A child who isn’t held under the fire of consistency–having to immediately obey, having to forgive and seek forgiveness, having to tell the truth, having to speak respectfully and kindly, having to swallow down even a just argument to answer in the proper tone–ultimately, that child isn’t a happy child. The child for whom this hard work isn’t undertaken ends up feeling rage and causing rage in others. It is painstaking, the rearing of the child. It means constantly setting aside your own plans and desires to be there and do what needs to be done. You would rather lie back and read a book, but meanwhile, little Eglantine is practicing deceit and the puppy needs the loo. If you don’t leap up to attend to the matter, you are acting in hatred towards both of them, no matter what you feel about it.

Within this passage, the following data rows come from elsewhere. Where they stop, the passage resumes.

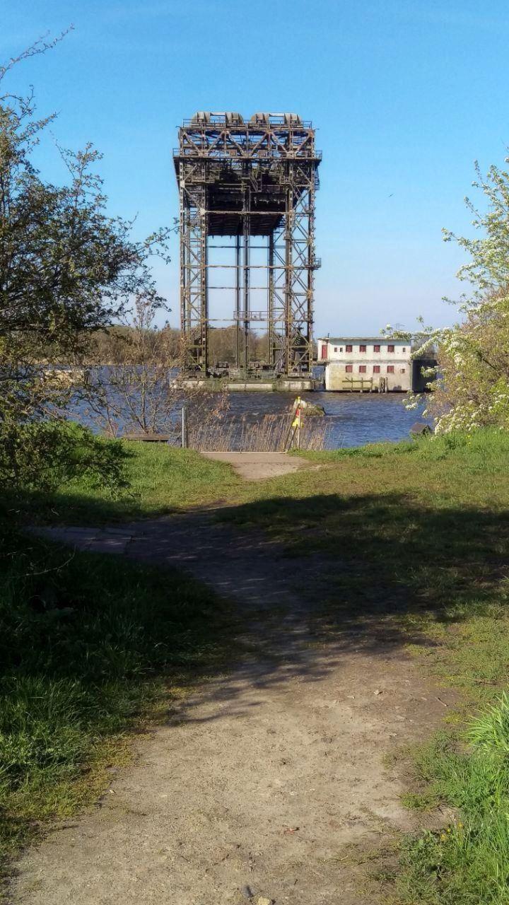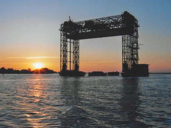 Hubbrücke Karnin am Stettiner Haff - eine 1933 eröffnete und 1945 zerstörte Eisenbahnbrücke über den Peenestrom. Sie war Bestandteil der ehemaligen Eisenbahnlinie Ducherow–Swinemünde. Das Hubteil der Brücke steht seit Kriegsende als unverändertes Fragment und als technisches Denkmal mitten im Peenestrom.
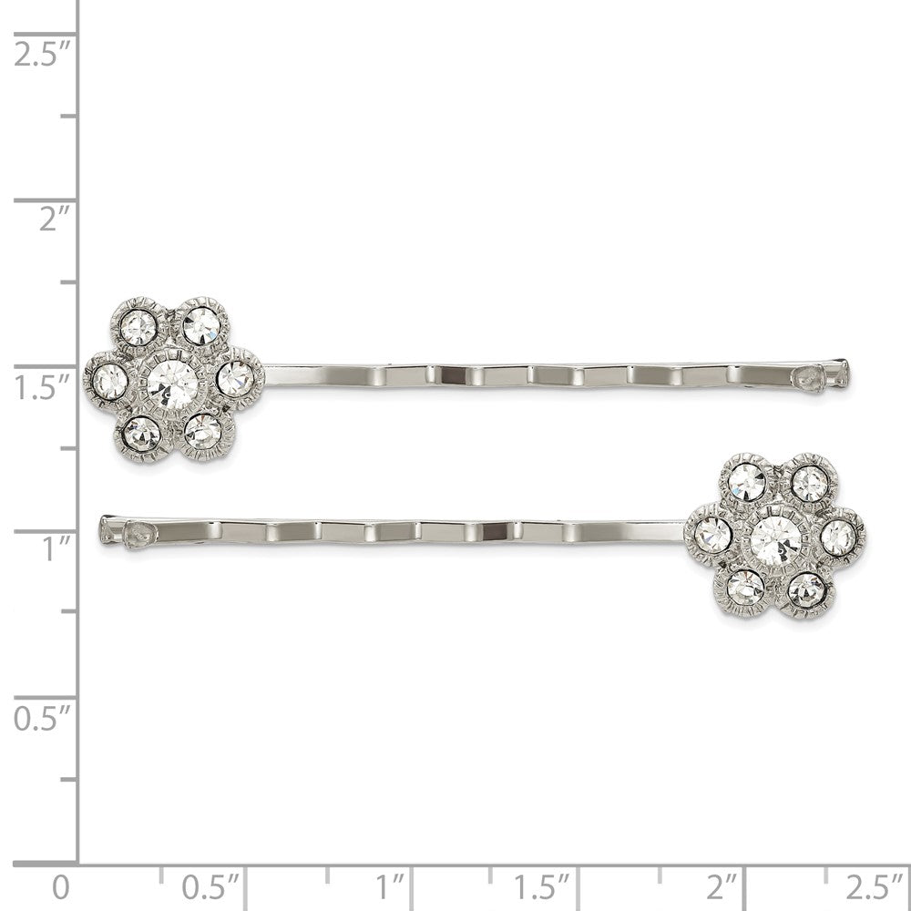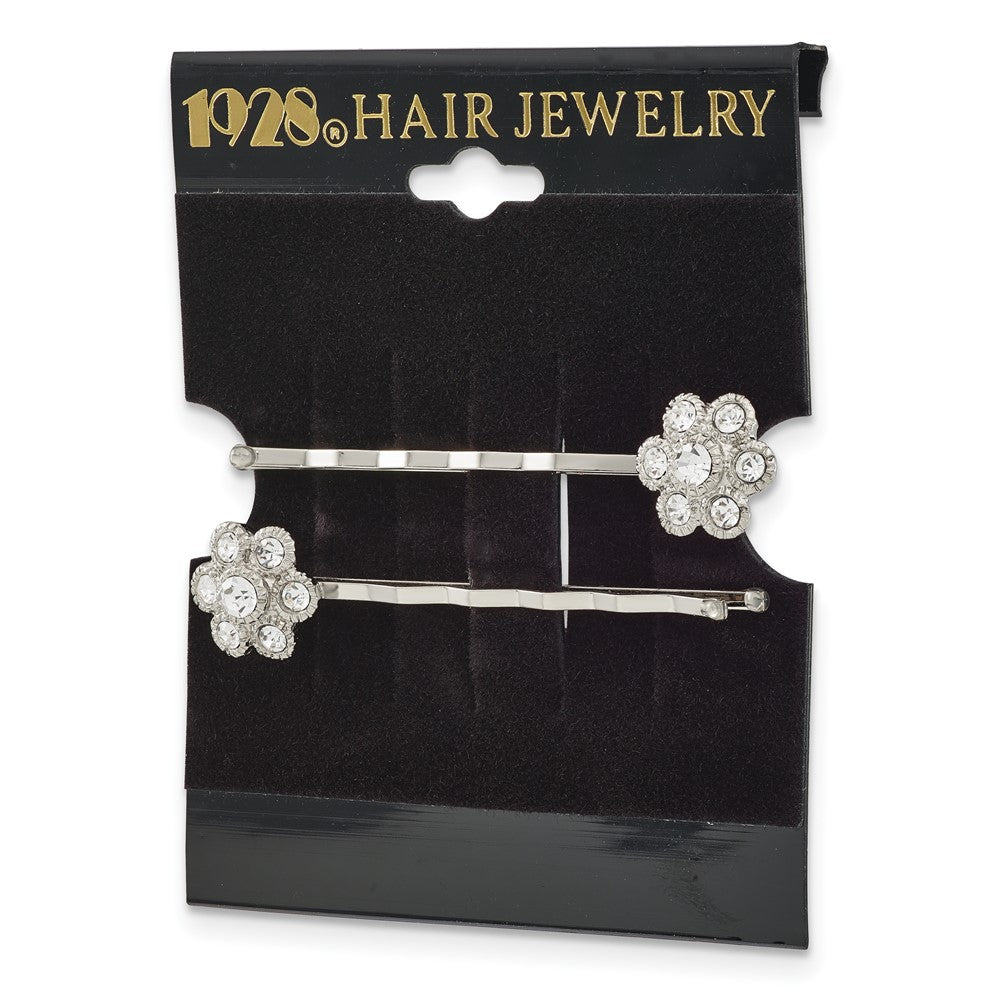 1928 Jewelry Set of 2 Silver-tone Clear Crystal Flower Hairpins
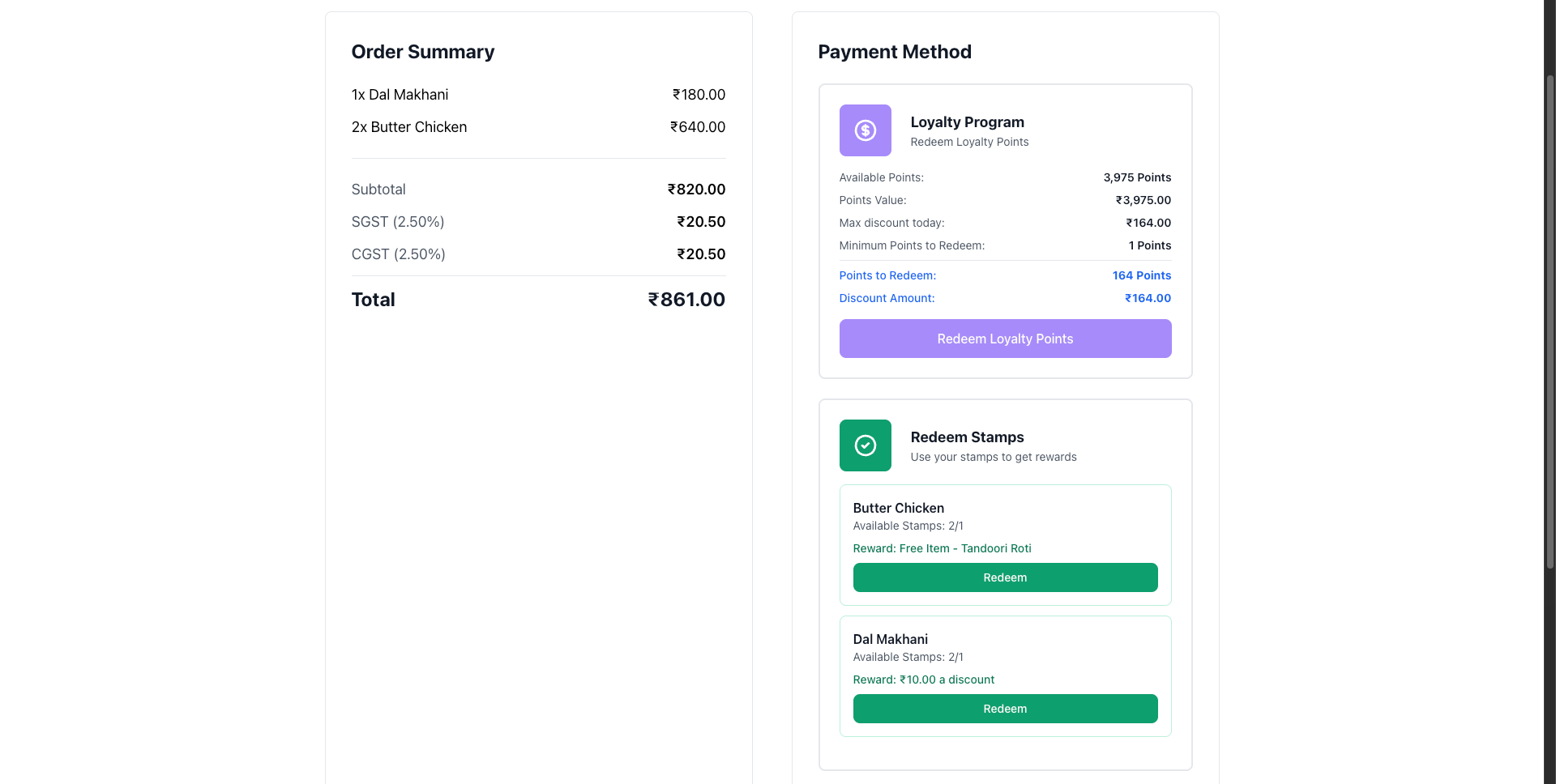- Auto Earning: Points or stamps are awarded after eligible orders.

This is swirling all around in my tired mind because the sermon this last Sunday was all about having to love my neighbor, and who is my neighbor? I don’t want to know who my neighbor is. I want my neighbor, all six of them, to leave me alone so I can stare out the window. Loving my neighbor means constantly setting aside myself so that they can lead orderly, disciplined lives and grow up to be happy, kind, interesting people.

This being so, the basis of this neighborly love has to be forgiveness. It’s pretty easy for me to tilt slightly off course and frame up the picture around myself. Here I am, I’m the center, and all these people, and this puppy, are real bothersome to me. I want, Nay! Need to do some very important things. I want, which is practically the same thing as requiring, certain elements in my day to make everything ok. And all these other people are ruining it. If only they would leave me alone so that I can get going on the things I not only want to do, but should do to achieve peace and happiness.

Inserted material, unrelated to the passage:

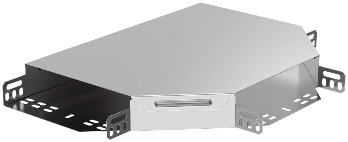 Описание Разветвитель Т-образный служит для организации Т-образного ответвления кабельной трассы. Данный аксессуар поставляется в комплекте с крышкой. Все аксессуары для металлических лотков изготовлены из стали горячего цинкования методом Сендзимира (защитный слой цинка 10-20 мкм).
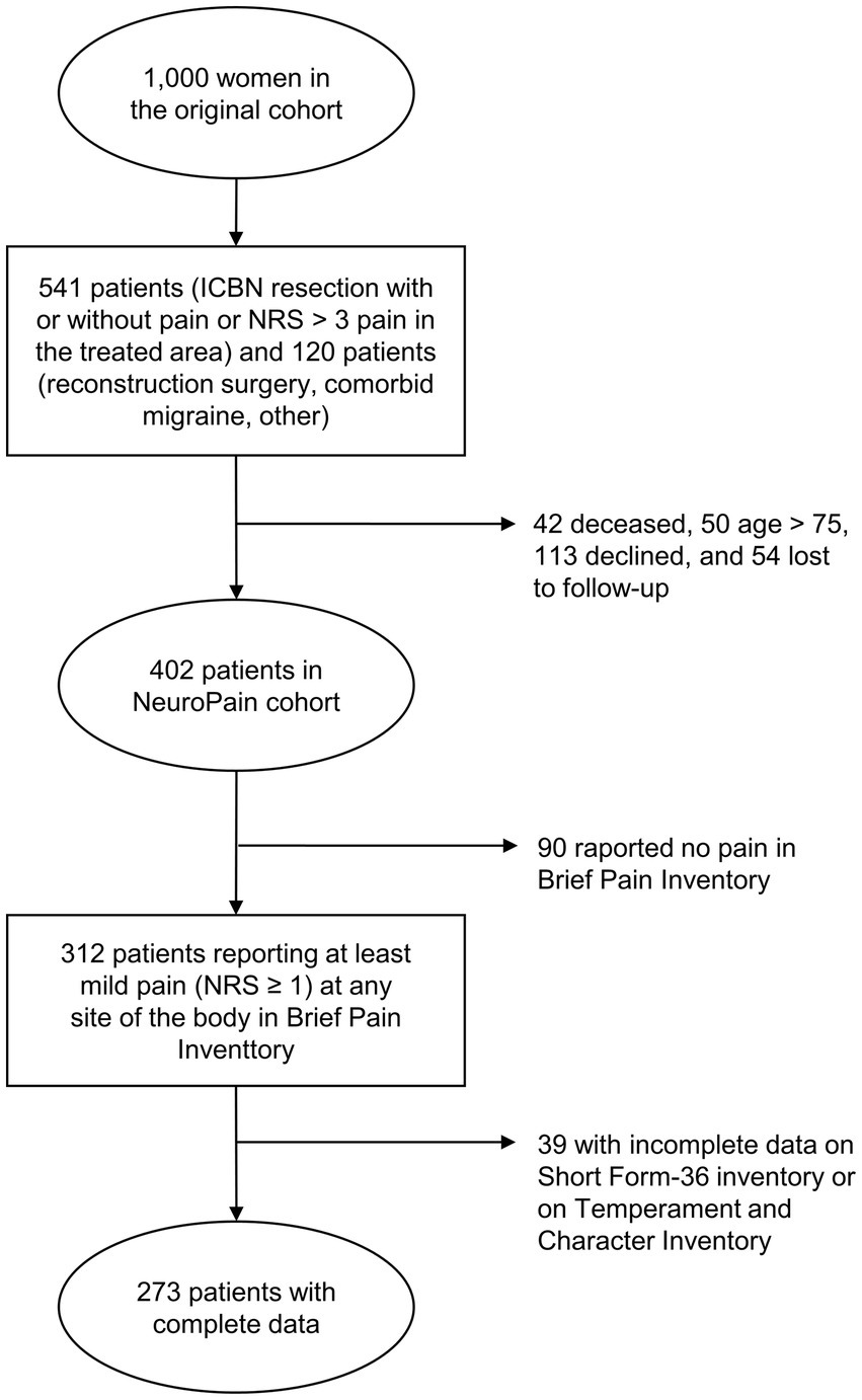 Figure 1. Flow chart of the patient recruitment. ICBN, intercostobrachial nerve; NRS, numerical rating scale.

When I go there, into that frame, I have sinned against my neighbor. But I have made it look to myself as if my neighbor is sinning against me. I am owed a certain something, and they didn’t deliver it, and so now I am justified in whatever I want to do. When actually, I wasn’t owed, I am not justified, and my true task is to go over there and be on their terms and do what is required for their happiness.

So, the forgiveness has to be given, even when it isn’t really owed. It’s not like little Eglantine sinned against me, in her deceit. She sinned against God. But she made me mad because I had to deal with it. So I had to forgive her for ruining my lunch prep. And Matt wasn’t out to get me, when he had to go to work for hundreds of hours yesterday, and we didn’t get to say hello or goodbye. He didn’t sin against me. But I forgave him anyway, because I had appropriated to myself irritation that he had such a long day. And Elphine isn’t trying to destroy my happiness, by having a long chapter test, for which I have to sit next to her and hold her metaphorical hand. Not literal, obviously, as she needs it to write with. I have like six thousand things I’d rather do. So I forgave her.

And finally, having seen that no offense was really caused, and that it is my selfishness that is the problem, I have to be willing to forgive myself for being imperfect and for sinning. Certainly it is up to God to forgive me. But I also have to let myself off the hook and just go on, and not sit and die on the hill of not being Jesus. That part is actually the hardest. I want to be perfect, dammit. I don’t want to need to be saved. I don’t ever want to be in the pit. I don’t ever want other people to be in the place of having to forgive me.

That’s why the cross is really so hard. It’s not the ‘God so loved the world’ part. Everyone believes that God does, or at least should, love them. It’s the ‘gave his only Son to die’ that is so offensive. It’s the kind of love, the love that lays down his life, the fact that you needed that kind of love. You didn’t need the mug of tea and a kindly chat love, you needed the love that leapt up and died, because you hadn’t just done something foolish, you were dying in sin. It’s not God being neighborly, it’s you being the enemy of God, and him deciding to forgive your actual offense, and dying to make that possible.

Who is my neighbor? Well, the one I have decided is really my enemy. The one against whom I have taken offense. The one who has violated my plans and will. That one is my neighbor.